The message “delivered that night was prescient,” Fuller wrote in his report titled, “Colleagues of Philippine President Depict A Leader Disdainful of Daily Tasks and Hampered by Life Style.”

“The story … is about an administration that, from its first days in office, was hampered by the quirks of a president who bumped from one scandal to the next,” the Tribune noted. “[His] critical shortcoming is his inability to reconcile presidential obligations with personal excesses: his late night drinking sessions and his gambling.”

Ouster by People Power Two, arrest, detention, protracted trial and  conviction  followed. “[Ferdinand] Marcos tested the limits of political oppression and our capacity to endure it,” Institute of Asian Church and Culture’s Melba Padilla Maggay then wrote. “Estrada tests limits of moral corruption and our capacity to get roused to indignation…

But the economic fallout from the moral rot illustrates the time-honored truth: that no society can survive without a minimum of moral sense.”Indeed, “private indiscretion and immorality of leaders have tragic national results,” added  the Institute’s  Evelyn Miranda Feliciano.

Asians, therefore, insist that leaders possess “sageliness within and kingliness without” (i.e., character and competence). Many voted for Estrada as sage and king who’d reach out to those who drew life’s short straws.

In a parody of  his Rizal Park address, a critic says: “An imperial carouser made it.”
Now, Erap would  brush aside all that sordid legacy.  He’ll  seek reelection. ” This is a delusion.  “Call back yesterday, “ Richard II  cried.. Bid time return.”  But it won’t. His failures and shortcoming are etched in history.
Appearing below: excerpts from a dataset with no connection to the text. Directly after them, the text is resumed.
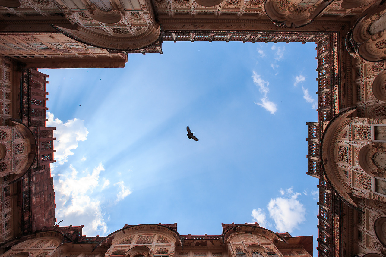 메헤랑가르 성 들어가는 입구에서 프레임 안으로 비둘기가 날아와 준 것은 정말 행운이었습니다.
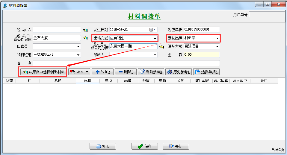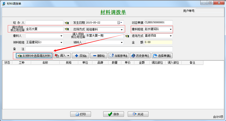 點(diǎn)擊主菜單【材料】->【材料調(diào)撥單】->【新建】打開(kāi)界面如下:
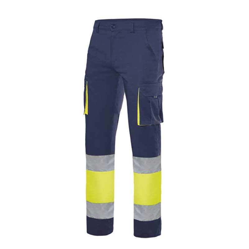 Enhanced Visibility Multi-Pocket Work Trousers. Made of complex bi-stretch fabric that improves user mobility and a water-repellent finish for greater comfort, includes two thermo-fixed elastic reflective tapes on leg cuffs for enhanced visibility and unrestricted movement. Garment certified as an Enhanced Visibility Category II PPE based on 13688 and 17353 standards, type B2 for night visibility.Two slanted hip pockets, two side velcro flap cargo pockets and a two-tone reflective puller for easy opening, two buttonhole closure back pockets for easy access and convenient storage.Double main seams and extra high-wear reinforcements with safety bartacks, ensuring long-lasting strength and durability. Suitable marking methods: embroidery, stitching and anti-sublimation heat-stickers.Ideal as workwear and uniforms.
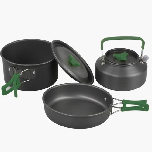 sada kastrolů, eloxovaný hliník s rukojeťmi z nerezové oceli 201, sada 3ks: pánev s poklicí (178x90mm), pánev (180x43mm), konvice s poklicí (151x75mm, 1000ml), skládací rukojeť v zelené barvě, sada balená v černém pouzdře
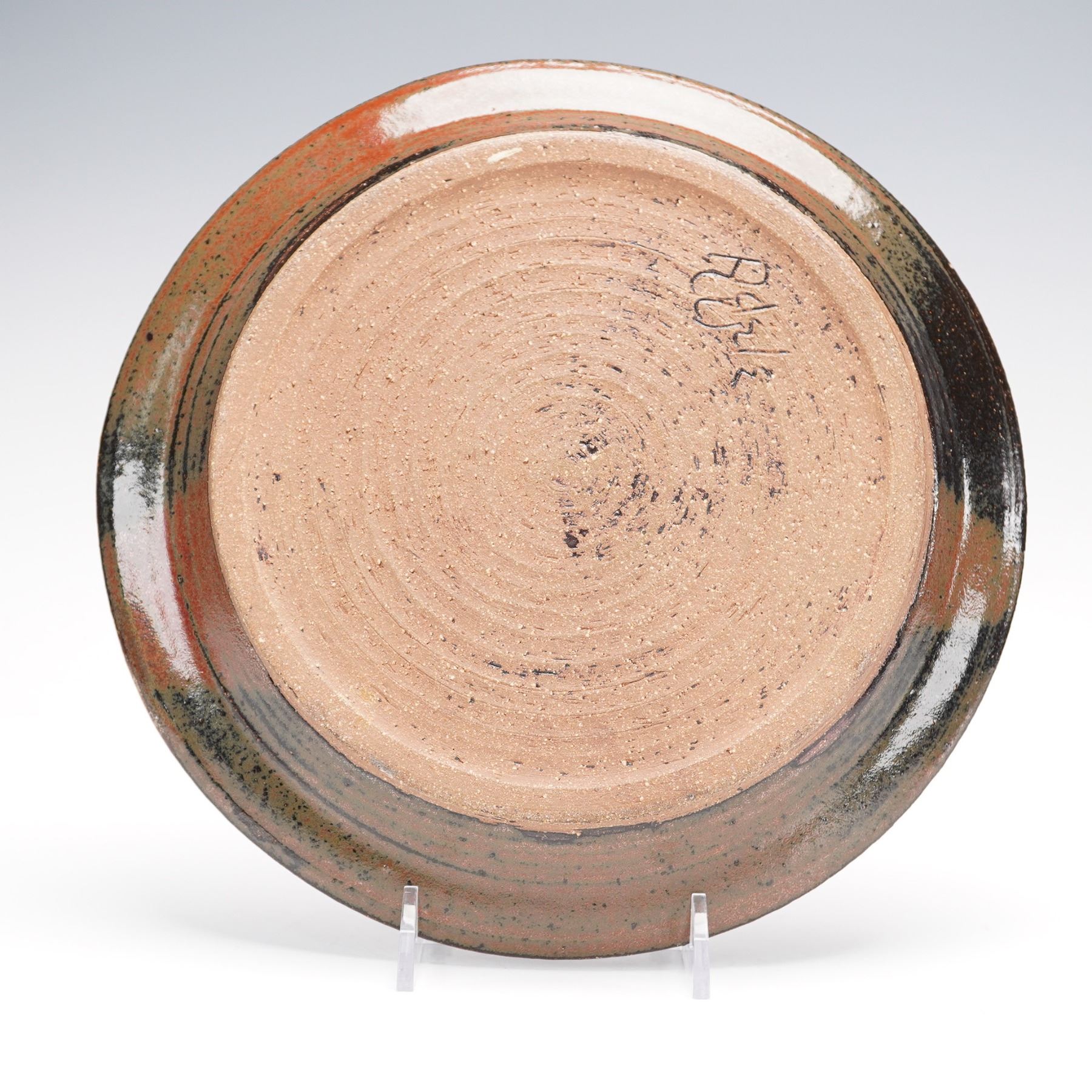 A dramatic hand-thrown ceramic charger featuring a deep rust-red and muted olive green glaze, with a sweeping band of creamy white that evokes a minimal abstract landscape. The concentric rings of the thrown form are accentuated by subtle speckling in the glaze, lending a richly textured surface. On the unglazed terracotta base the artist's signature is incised, suggesting a one-of-a-kind studio piece. Measures 8.75"dia.
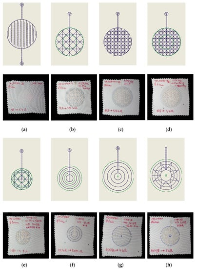 Sensing node designs in Wilcom DecoStudio and their fabrications. (a) PC2D; (b) PC3H; (c) PC3I; (d) PC3J; (e) PC3K; (f) PR4A; (g) PR4B; (h) PR4C.
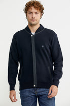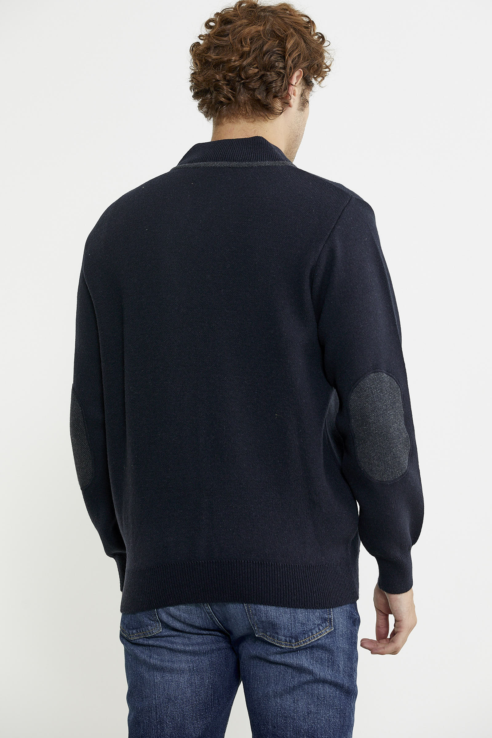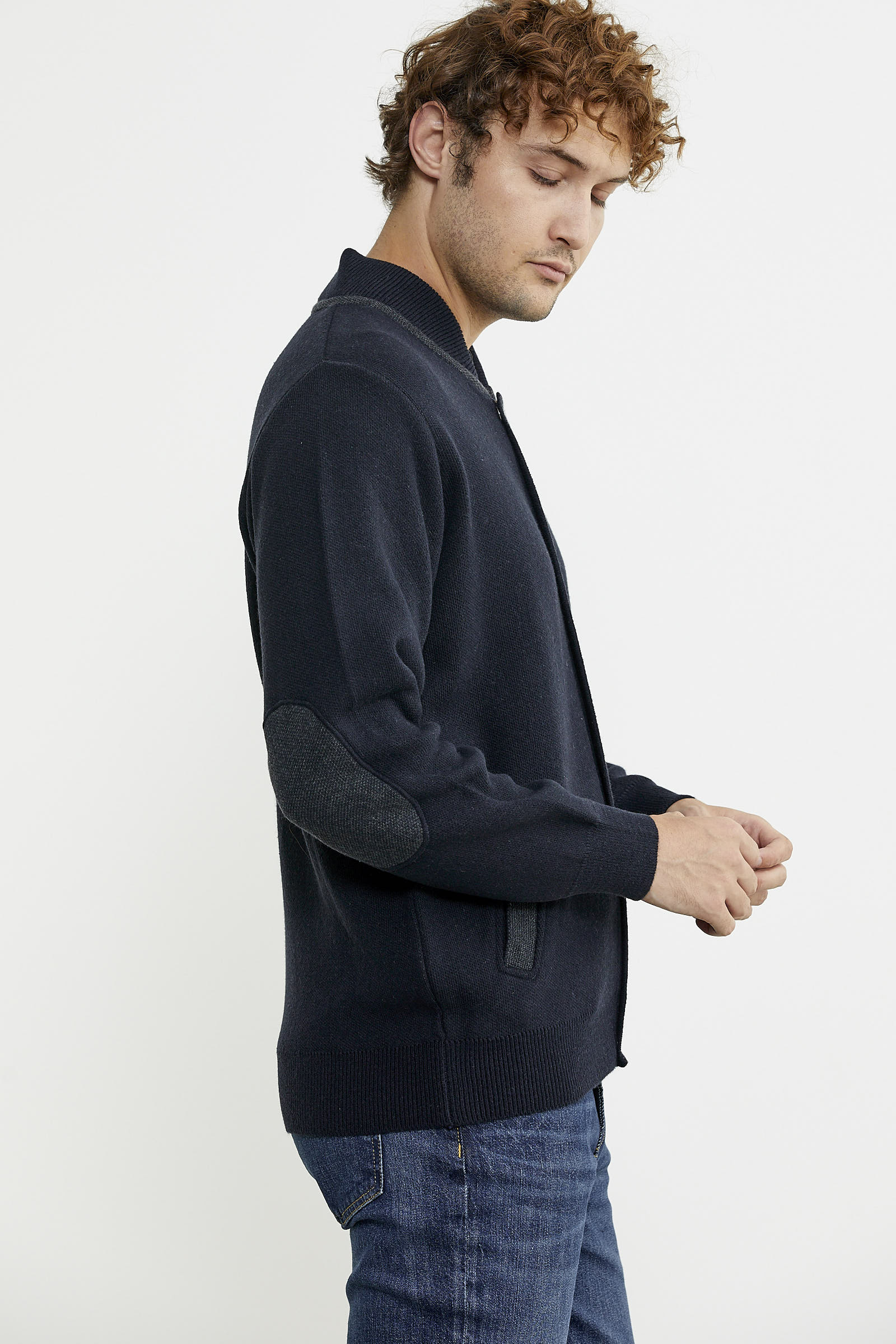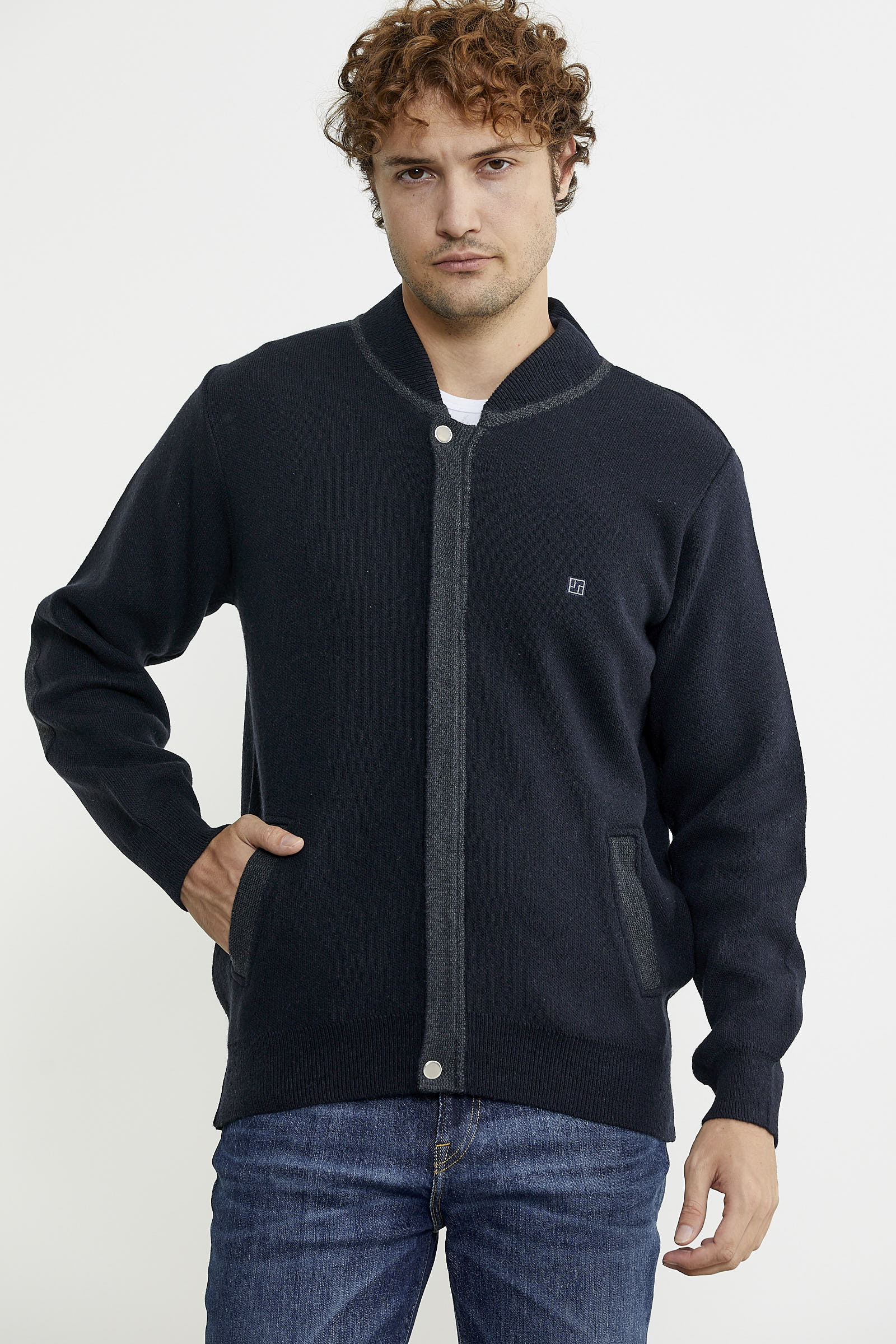 Color Combination Pocket Wool Knitwear Coat - Navy Blue - Dark Grey

He is betting  on people’s short memories.  The massa love him, he claims. This we have to see..  Perhaps,  Erap   needs to remember what Cardinal  Wolsey, who served Henry VIII at the cost of conscience  said on his  death bed.:

“Had I served my [country] with half the zeal / I served my  my king  [barkadas], God would not, in my old age/ Have left me naked to mine enemies.”